Association of egr-1 expression and the reg6 vessel branching defect. (A) Expression levels of the egr-1 gene in wild-type (wt; black bars) and reg6 (white bars) 3-dpa regenerates. (B, C) Whole-mount in situ hybridization for egr-1 on wild-type (B) and reg6 (C) 3-dpa regenerates showed decreased expression of egr-1 in reg6 fish. Arrows, egr-1 RNA signal. (D) The egr-1 expression in reg6 mutants was upregulated more than 2.5-fold by 1 mM histamine and 10 μM SKF91488 but was downregulated by 300 μM urocanic acid. The expression level was determined by QPCR and normalized by the expression level of the β-actin gene.

TEM image of the regenerating blood vessels of wild-type fish. A representative TEM image of a wild-type 3-dpa regenerate shows vascular plexus evident by the narrow canal (black arrow) and connection (white arrow) between blood vessels that are of different sizes. B, blood cell; E, endothelial cell; BV, blood vessel. Scale bar, 2 μm.

TEM images of the regenerating blood vessels of reg6 fish. Composite TEM images of a reg6 3-dpa regenerate show enlarged blood vessel (lower left cornor) which is filled with blood cells. Blood cells are often leaked out of the blood vessels (arrows). The endothelial cells in reg6 are less stretch-out and sometimes stacked (arrowhead). However, no clear cell junction is found among these cells. B, blood cell; E, endothelial cell. Scale bar, 2 μm.

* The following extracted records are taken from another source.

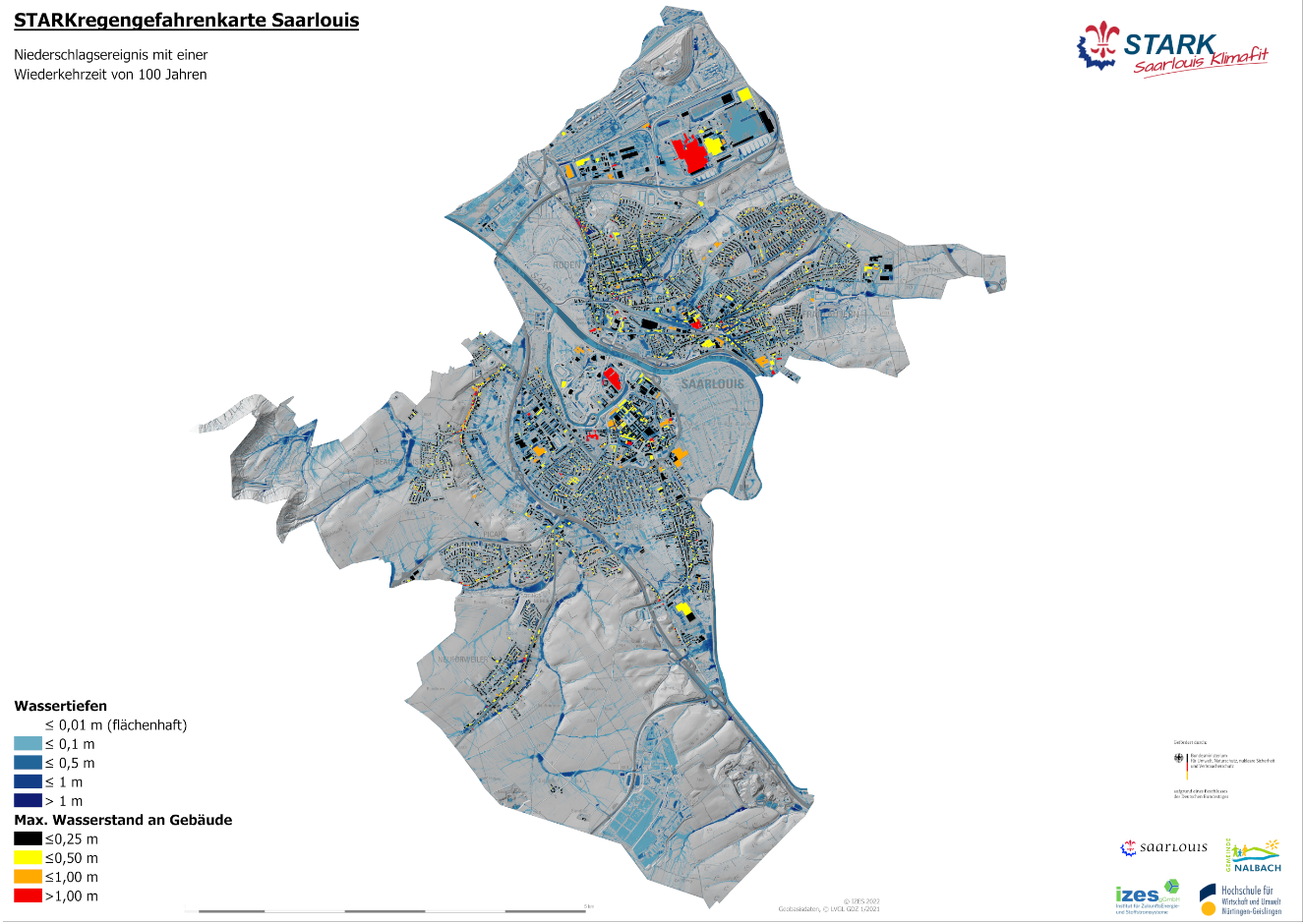 In Folge des Klimawandels erwartet die Stadt Saarlouis eine Zunahme von Hitze- und Starkregenereignissen. Um sich vor solchen Extremwetterereignissen besser schützen zu können, wurden für das gesamte Saarlouiser Stadtgebiet im BMUV geförderten Projekt STARK (2021-2023) Hitzekarten und Starkregenkarten durch die IZES gGmbH und die HfWU Nürtingen-Geislingen erstellt.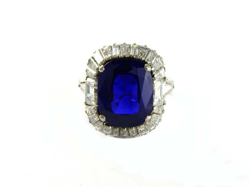 zaffiro taglio a cuscino ct 10 circa, diamanti taglio rettangolare ad angoli tronchi e tape ct 2,50 circa complessivi, g 10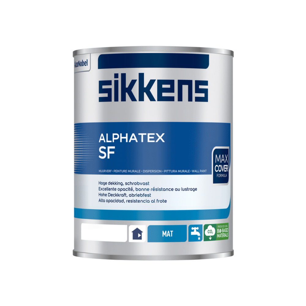 Sikkens Alphatex SF Sikkens Alphatex SF is een schrobvaste watergedragen matte muurverf voor binnenshuis. Alphatex SF is eenvoudig te verwerken en geurarm, u kunt dus de ruimte waarin de muurverf is aangebracht direct weer gebruiken. De matte muurverf voor binnen heeft een uitstekende dekkracht en geeft uw wanden een professionele matte uitstraling. Sikkens Alphatex SF is zeer goed reinigbaar en daarom uitermate geschikt om in keuken aangebracht te worden. Ook kan de muurverf aangebracht worden op Fitex glasweefselbehang.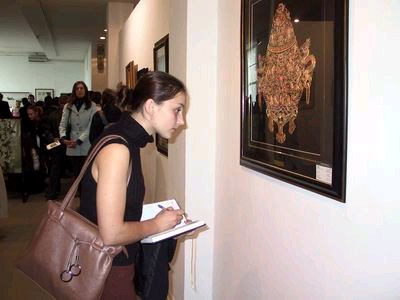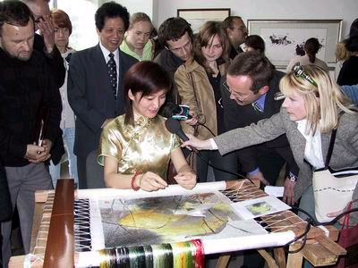 一名乌克兰姑娘在认真欣赏刺绣精品

Expression levels of VEGF related genes in wild-type and reg6 regenerative fins. The expression levels of VEGFC, VEGFD, VEGFR1, and VEGFR2 is about the same in wild-type (black bars) and reg6 (white bars) 3-dpa regenerates. Note that the level of VEGFC seems higher but the magnitude is less than two folds. The expression level is determined by QPCR and normalized by the expression level of β-actin gene.

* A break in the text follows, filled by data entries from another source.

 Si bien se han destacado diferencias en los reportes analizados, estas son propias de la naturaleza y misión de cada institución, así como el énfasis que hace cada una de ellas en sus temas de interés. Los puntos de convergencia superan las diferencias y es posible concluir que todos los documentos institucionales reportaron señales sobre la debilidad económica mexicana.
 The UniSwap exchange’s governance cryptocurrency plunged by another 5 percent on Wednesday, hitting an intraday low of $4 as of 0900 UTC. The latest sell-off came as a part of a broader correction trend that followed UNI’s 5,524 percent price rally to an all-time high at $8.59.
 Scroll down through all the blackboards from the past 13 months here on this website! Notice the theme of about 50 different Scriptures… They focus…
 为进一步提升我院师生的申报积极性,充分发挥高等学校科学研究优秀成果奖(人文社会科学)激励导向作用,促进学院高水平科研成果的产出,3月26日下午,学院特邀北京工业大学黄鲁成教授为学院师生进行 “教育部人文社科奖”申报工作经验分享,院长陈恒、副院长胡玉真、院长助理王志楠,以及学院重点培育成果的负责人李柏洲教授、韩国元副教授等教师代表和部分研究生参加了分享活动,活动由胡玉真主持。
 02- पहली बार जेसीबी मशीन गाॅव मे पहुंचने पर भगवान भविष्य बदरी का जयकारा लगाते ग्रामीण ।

Expression levels of VEGF related genes in reg6 regenerative fins upon different treatments. The treatment of (1) H₂O, (2) 1 mM histamine, (3) 10 μM SKF91488, or (4) 300 μM urocanic acid does not alter significantly the expression levels of VEGF-A, VEGF-C, VEGF-D, VEGFR1, VEGFR2, and VEGFR3 in reg6 3-dpa regenerates.